C’est révoltant mais c’est comme ça. Néanmoins, quelqu’un qui a un peu vécu, finit par entrevoir que la course d’obstacles d’une vie appelée désir, n’est pas tant déterminée par le bon vouloir d’un quidam que par le temps . L’être humain étant mu par une force du désir incontrôlable, il faut bien que la nature lui ménage quelques freins. Le maître mot c’est l’adaptation, la capacité d’adapter son moteur à son environnement. A ce propos, Victor HAIM – qui pourrait fort bien jouer le rôle de l’ange – fustige les lieux communs dans cette scène cocasse où la pauvre femme est obligée d’en vomir quelques uns pour redevenir propre.

Mais pourquoi donc l’ange s’intéresse t-il tant à cette femme ? Sans doute parce qu’immunisé par son immortalité virtuelle, il est touché par sa vulnérabilité, par le sentiment que quoiqu’elle dise sur sa vie, c’est la manière dont elle s’exprime qui importe, son ressenti qui échappe en réalité à tout jugement de valeurs.

Une sorte de chantage affectif s’instaure entre l’ange et la femme, le pompon de la bonne réponse ne servant qu’à exacerber le désir de la femme d’exister, d’affirmer son existence face aux dictats de cet ange énigmatique, une sorte de père idéalisé que toute fille dans ses fantasmes, encore un lieu commun, rêve de séduire.
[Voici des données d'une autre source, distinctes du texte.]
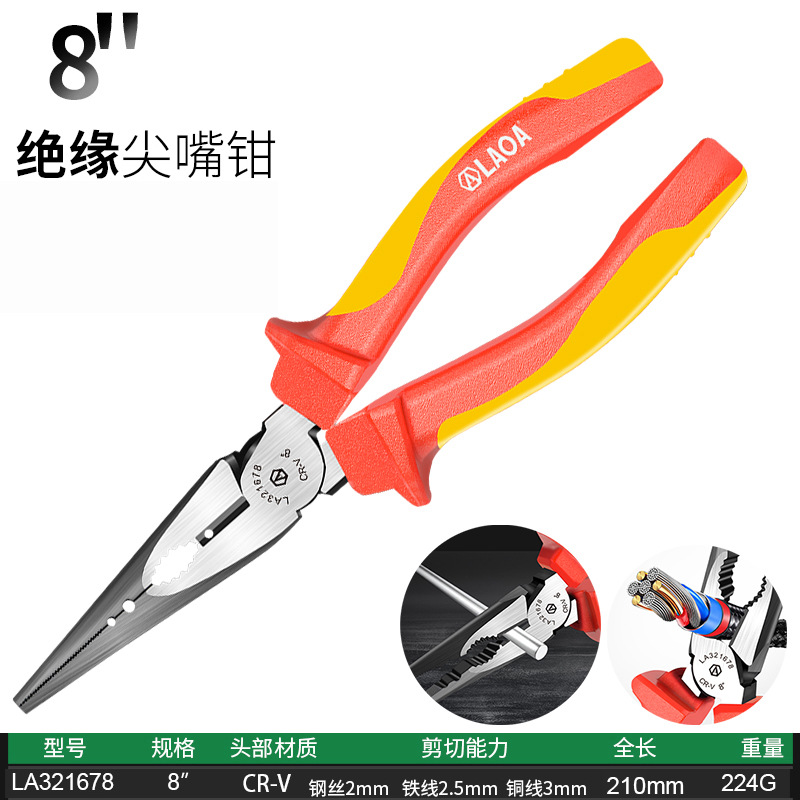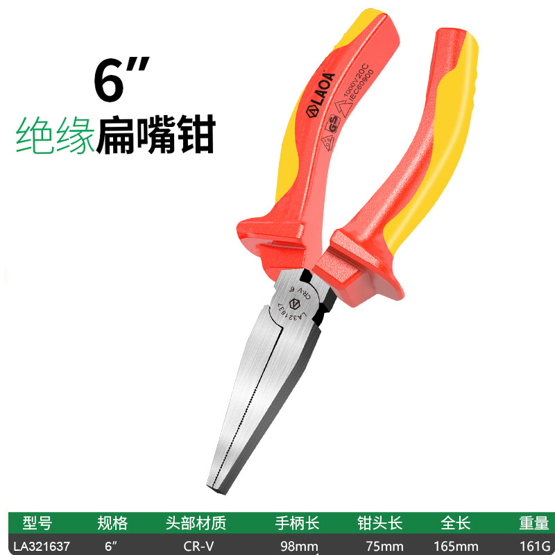 오래된 1000V 고전압 절연 전기 펜치 VDE 인증 바이스 와이어 펜치 뾰족한 코 펜치 대각선 펜치
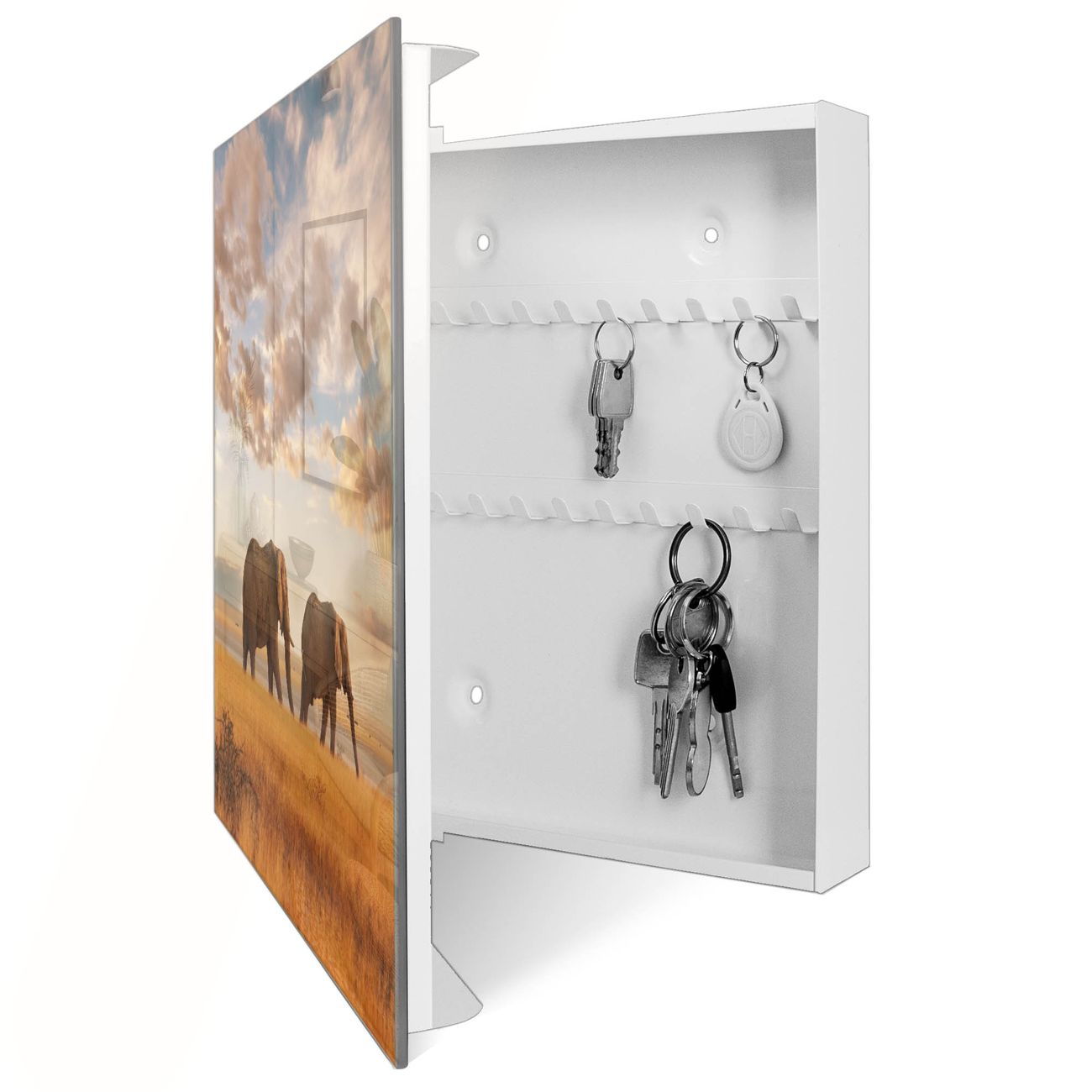 Bringe Ordnung und Eleganz in deinen Eingangsbereich mit dem banjado Schlüsselkasten Motiv Motiv Elefanten. Die moderne Schlüsselbox kombiniert funktionales Design mit hochwertiger Verarbeitung und wird so zu einem echten Hingucker in Flur, Büro oder Ferienwohnung. ✅ Stilvolle Schlüsselaufbewahrung mit Glasfront im Motiv Motiv Elefanten Der Design-Schlüsselkasten Motiv Motiv Elefanten bietet Platz für bis zu 50 Schlüssel, die auf 5 stabilen Reihen mit je 10 Haken übersichtlich verstaut werden. Mit seinen kompakten Maßen von 30 x 30 x 5 cm passt die Schlüsselbox perfekt auch in kleinere Räume. Der weiß lackierte Stahlkorpus mit rechts angeschlagenem Türscharnier harmoniert mit der Glasfront und fügt sich nahtlos in jedes Wohnambiente ein. Ob als Schlüsselorganizer für Zuhause oder als praktische Lösung für Büros, Praxen und Gewerbe, der banjado Schlüsselkasten sorgt für Ordnung und Übersicht. Dank der magnetischen, mit Kreidestiften beschreibbaren Glasfront kannst du Notizen anheften oder Termine direkt auf der Oberfläche festhalten. Die Schlüsselbox Motiv Motiv Elefanten zur Wandmontage wird inklusive Befestigungsmaterial geliefert und ist schnell angebracht. So hast du deine Schlüssel jederzeit griffbereit und zugleich stilvoll verstaut. Mit diesem banjado Schlüsselkasten Motiv Motiv Elefanten kombinierst du praktische Aufbewahrung mit stilvollem Wohndesign. Ob privat oder geschäftlich, die Schlüsselbox sorgt für mehr Ordnung, Übersicht und ein wohnliches Ambiente.Vorteile im Überblick
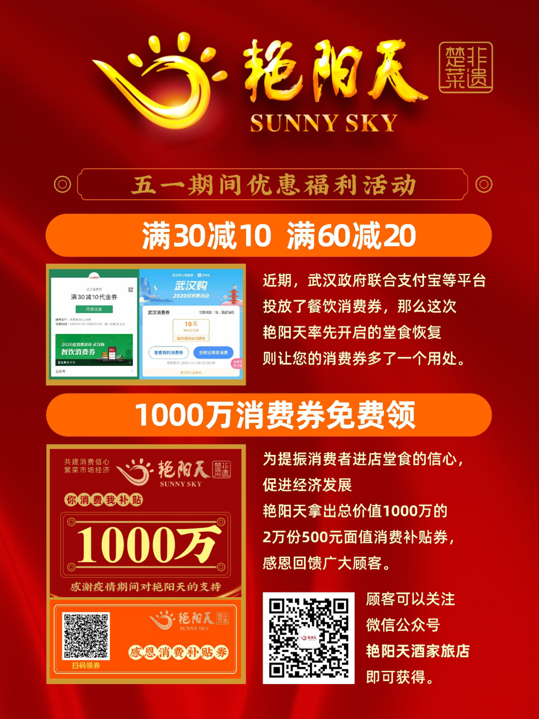 2、活动内容:免费发放1000万元消费补贴券,关注微信公众号“艳阳天酒家旅店”,即可获取。
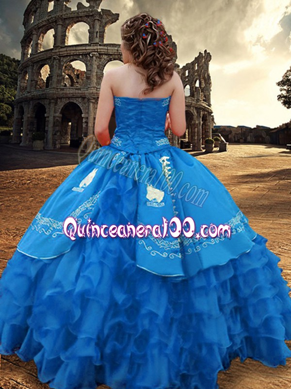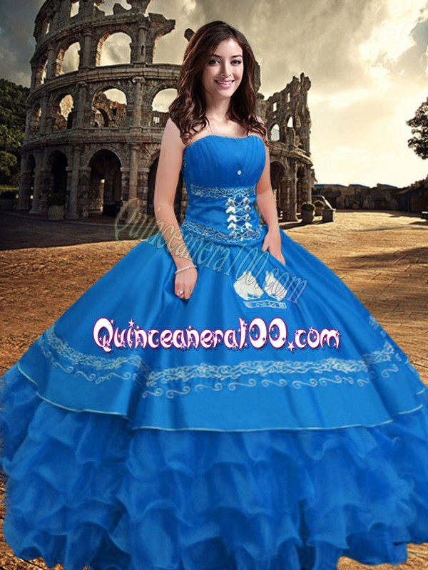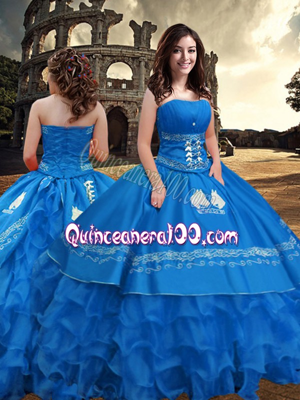 Neckline : StraplessShown Color : BlueSilhouette : Ball GownsSleeve Length : sleevelessHemline : floor lengthBack Detail : ZipperFabric : TaffetaEmbellishment : Embroidery,Ruffled LayersOccasion : Military Ball,Sweet 16,QuinceaneraSeason : Spring,Summer,Fall,Winter

L’ange interprété par Patrick COURTOIS à la mine chafouine, est aussi truculent qu’un moine défroqué, et la femme jouée par Marie DELAROCHE, frémissante de féminité, est très émouvante.

Sur scène, un empilement de valises usées jusqu’à la corde suggère la bonne pâte de nos bons vieux clichés sur les portes de paradis ou d’enfer . Aspect vieillot qui fait songer aux étiquettes effacées et humides qui résistent sur les bouteilles de vin en cave.

Mais c’est une bonne bouteille que cette valse du hasard . Il faut la goûter presqu’à jeun (vomir ses lieux communs) pour se laisser doucement gagner et enivrer par les vapeurs de la femme, juste le temps de croire voir passer un ange, assurément  !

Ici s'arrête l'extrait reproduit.